* **Task**: Look below for the line with "Metallic Studded Knit"; begin the copy there and stop after the line with "بدعة قبيحة لكن", keeping the text exact and the pictures out.

*** Information shown Section Begins ***

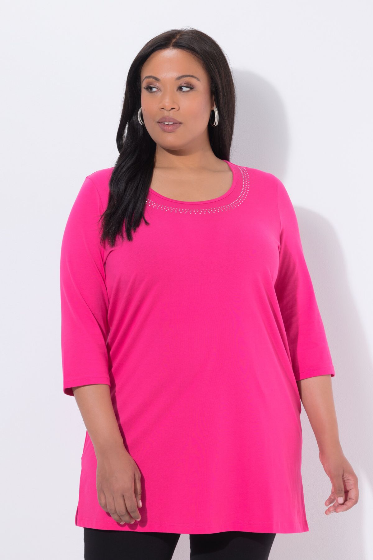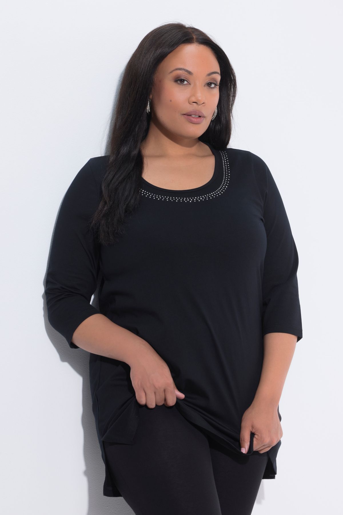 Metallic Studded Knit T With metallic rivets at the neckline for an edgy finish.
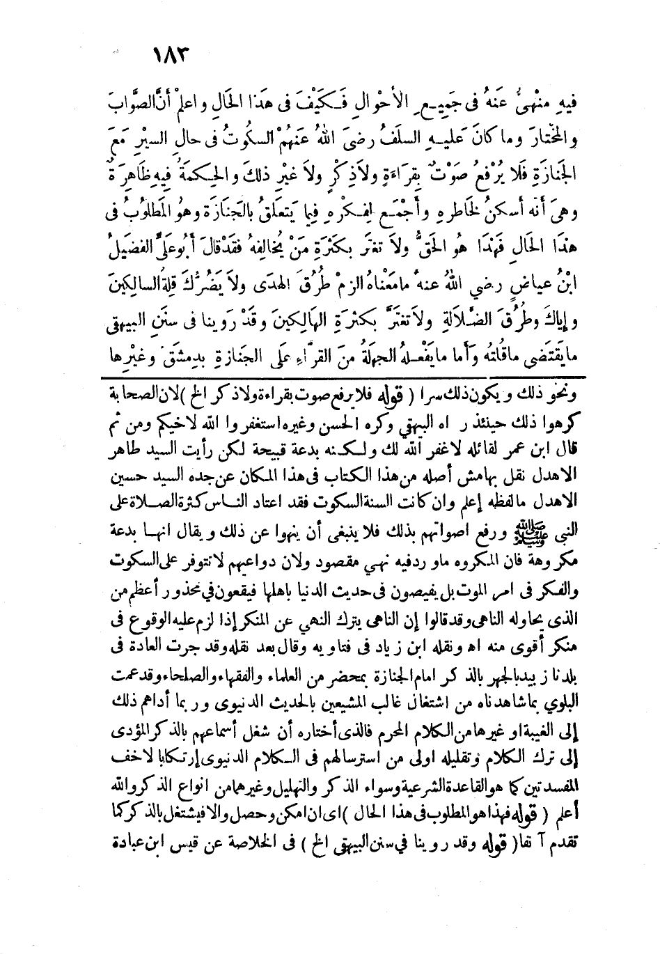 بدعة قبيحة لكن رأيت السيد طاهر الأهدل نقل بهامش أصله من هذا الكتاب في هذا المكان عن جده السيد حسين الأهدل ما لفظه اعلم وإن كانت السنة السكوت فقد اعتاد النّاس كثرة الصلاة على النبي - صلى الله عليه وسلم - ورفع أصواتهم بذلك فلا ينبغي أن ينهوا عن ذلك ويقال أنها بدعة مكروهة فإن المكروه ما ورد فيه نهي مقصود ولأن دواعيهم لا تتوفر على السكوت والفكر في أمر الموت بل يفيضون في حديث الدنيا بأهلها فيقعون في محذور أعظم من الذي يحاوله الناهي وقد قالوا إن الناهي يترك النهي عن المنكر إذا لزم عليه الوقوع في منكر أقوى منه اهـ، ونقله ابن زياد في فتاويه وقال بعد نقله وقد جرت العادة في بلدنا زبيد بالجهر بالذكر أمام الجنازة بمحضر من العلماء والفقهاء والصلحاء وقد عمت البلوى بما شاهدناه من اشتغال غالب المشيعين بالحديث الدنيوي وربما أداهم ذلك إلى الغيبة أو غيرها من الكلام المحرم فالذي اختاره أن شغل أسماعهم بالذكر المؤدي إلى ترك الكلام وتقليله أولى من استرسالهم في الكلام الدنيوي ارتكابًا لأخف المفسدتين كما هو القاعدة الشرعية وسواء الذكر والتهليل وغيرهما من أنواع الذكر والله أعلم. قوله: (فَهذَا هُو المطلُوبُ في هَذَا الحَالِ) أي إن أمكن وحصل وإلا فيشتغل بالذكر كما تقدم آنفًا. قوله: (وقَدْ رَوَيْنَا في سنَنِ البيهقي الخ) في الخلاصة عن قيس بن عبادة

*** Information shown Section Ends ***
*** Information shown Section Begins ***

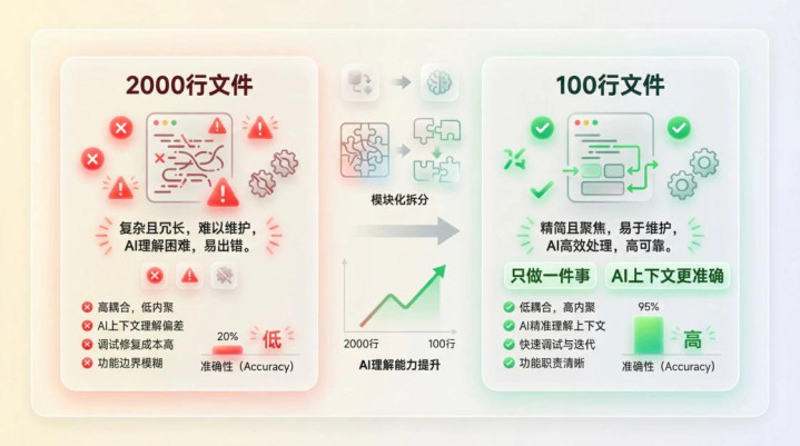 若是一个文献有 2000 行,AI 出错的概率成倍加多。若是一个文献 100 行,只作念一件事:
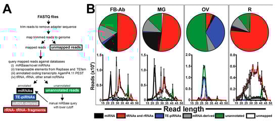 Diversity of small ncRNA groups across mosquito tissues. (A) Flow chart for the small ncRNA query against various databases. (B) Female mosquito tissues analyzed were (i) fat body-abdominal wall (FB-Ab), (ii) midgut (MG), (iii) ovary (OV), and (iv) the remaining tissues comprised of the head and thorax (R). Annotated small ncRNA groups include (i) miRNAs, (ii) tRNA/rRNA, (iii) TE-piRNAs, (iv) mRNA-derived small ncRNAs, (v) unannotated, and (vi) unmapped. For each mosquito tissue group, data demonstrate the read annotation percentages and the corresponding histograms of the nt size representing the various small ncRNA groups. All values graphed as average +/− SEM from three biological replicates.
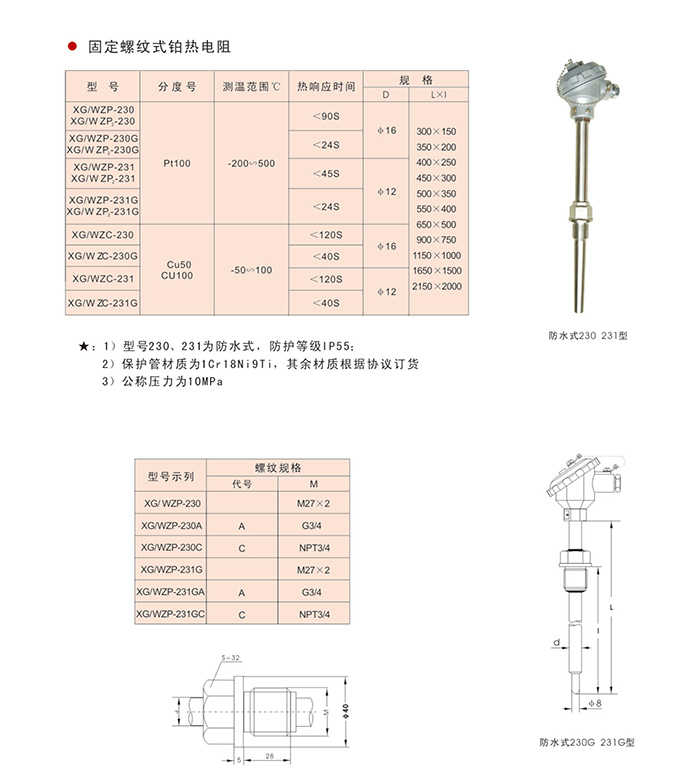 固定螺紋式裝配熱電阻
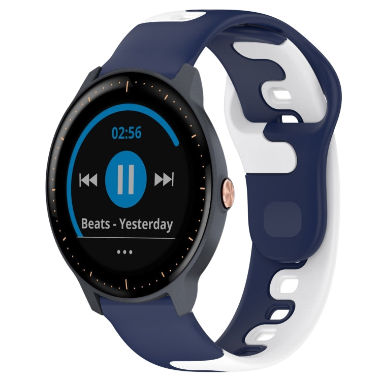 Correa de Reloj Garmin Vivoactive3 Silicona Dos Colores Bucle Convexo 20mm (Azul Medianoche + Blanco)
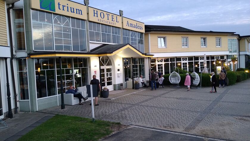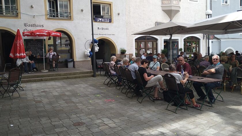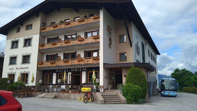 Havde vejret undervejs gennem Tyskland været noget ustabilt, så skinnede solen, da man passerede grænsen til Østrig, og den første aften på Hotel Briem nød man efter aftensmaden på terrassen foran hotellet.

*** Information shown Section Ends ***
*** Information shown Section Begins ***

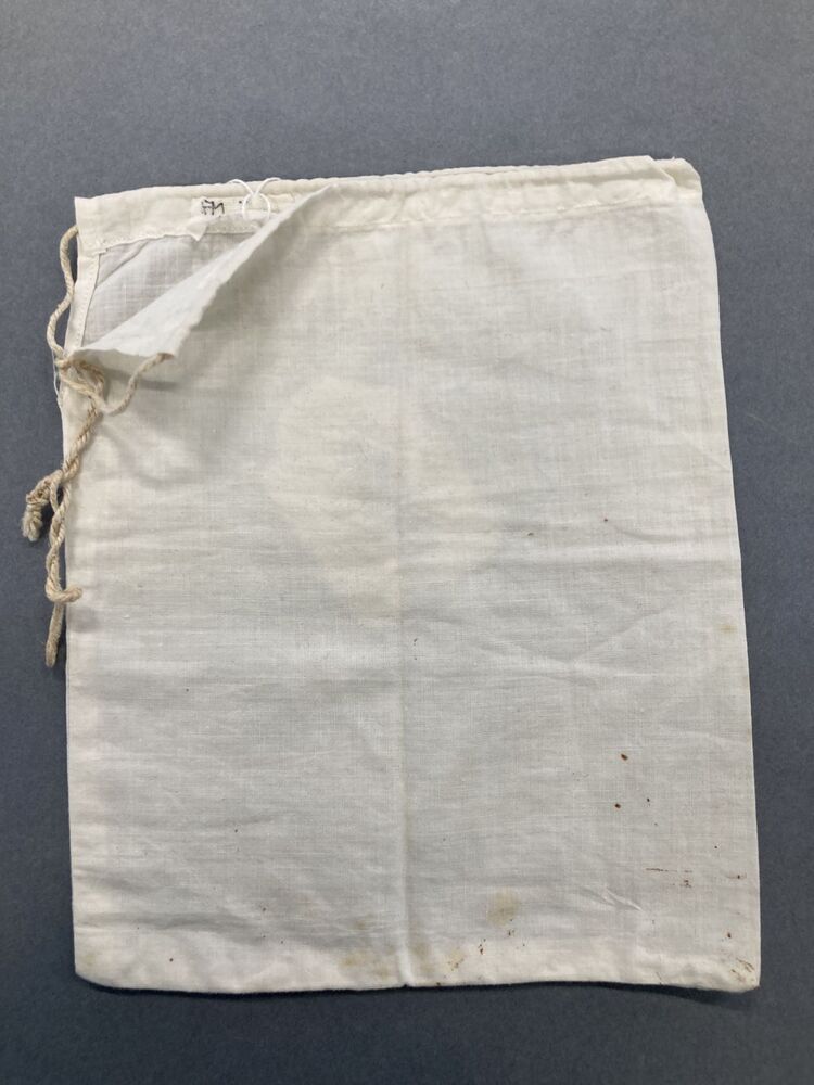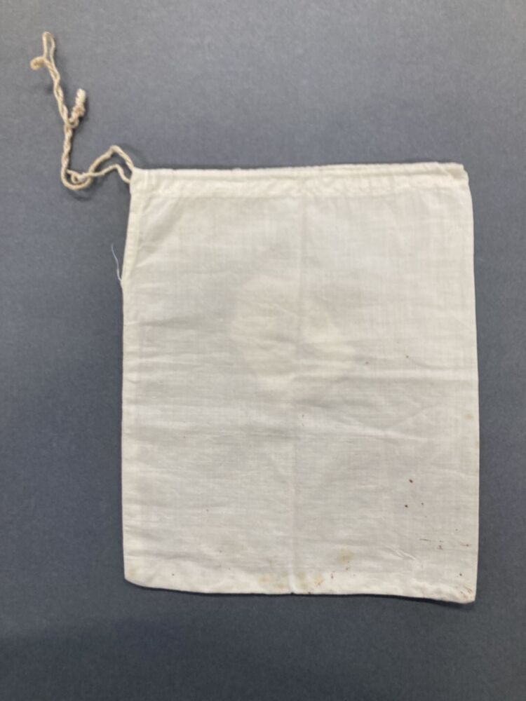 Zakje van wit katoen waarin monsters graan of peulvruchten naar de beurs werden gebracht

*** Information shown Section Ends ***

* **Result of the task**:
 Metallic Studded Knit T With metallic rivets at the neckline for an edgy finish.
 بدعة قبيحة لكن رأيت السيد طاهر الأهدل نقل بهامش أصله من هذا الكتاب في هذا المكان عن جده السيد حسين الأهدل ما لفظه اعلم وإن كانت السنة السكوت فقد اعتاد النّاس كثرة الصلاة على النبي - صلى الله عليه وسلم - ورفع أصواتهم بذلك فلا ينبغي أن ينهوا عن ذلك ويقال أنها بدعة مكروهة فإن المكروه ما ورد فيه نهي مقصود ولأن دواعيهم لا تتوفر على السكوت والفكر في أمر الموت بل يفيضون في حديث الدنيا بأهلها فيقعون في محذور أعظم من الذي يحاوله الناهي وقد قالوا إن الناهي يترك النهي عن المنكر إذا لزم عليه الوقوع في منكر أقوى منه اهـ، ونقله ابن زياد في فتاويه وقال بعد نقله وقد جرت العادة في بلدنا زبيد بالجهر بالذكر أمام الجنازة بمحضر من العلماء والفقهاء والصلحاء وقد عمت البلوى بما شاهدناه من اشتغال غالب المشيعين بالحديث الدنيوي وربما أداهم ذلك إلى الغيبة أو غيرها من الكلام المحرم فالذي اختاره أن شغل أسماعهم بالذكر المؤدي إلى ترك الكلام وتقليله أولى من استرسالهم في الكلام الدنيوي ارتكابًا لأخف المفسدتين كما هو القاعدة الشرعية وسواء الذكر والتهليل وغيرهما من أنواع الذكر والله أعلم. قوله: (فَهذَا هُو المطلُوبُ في هَذَا الحَالِ) أي إن أمكن وحصل وإلا فيشتغل بالذكر كما تقدم آنفًا. قوله: (وقَدْ رَوَيْنَا في سنَنِ البيهقي الخ) في الخلاصة عن قيس بن عبادة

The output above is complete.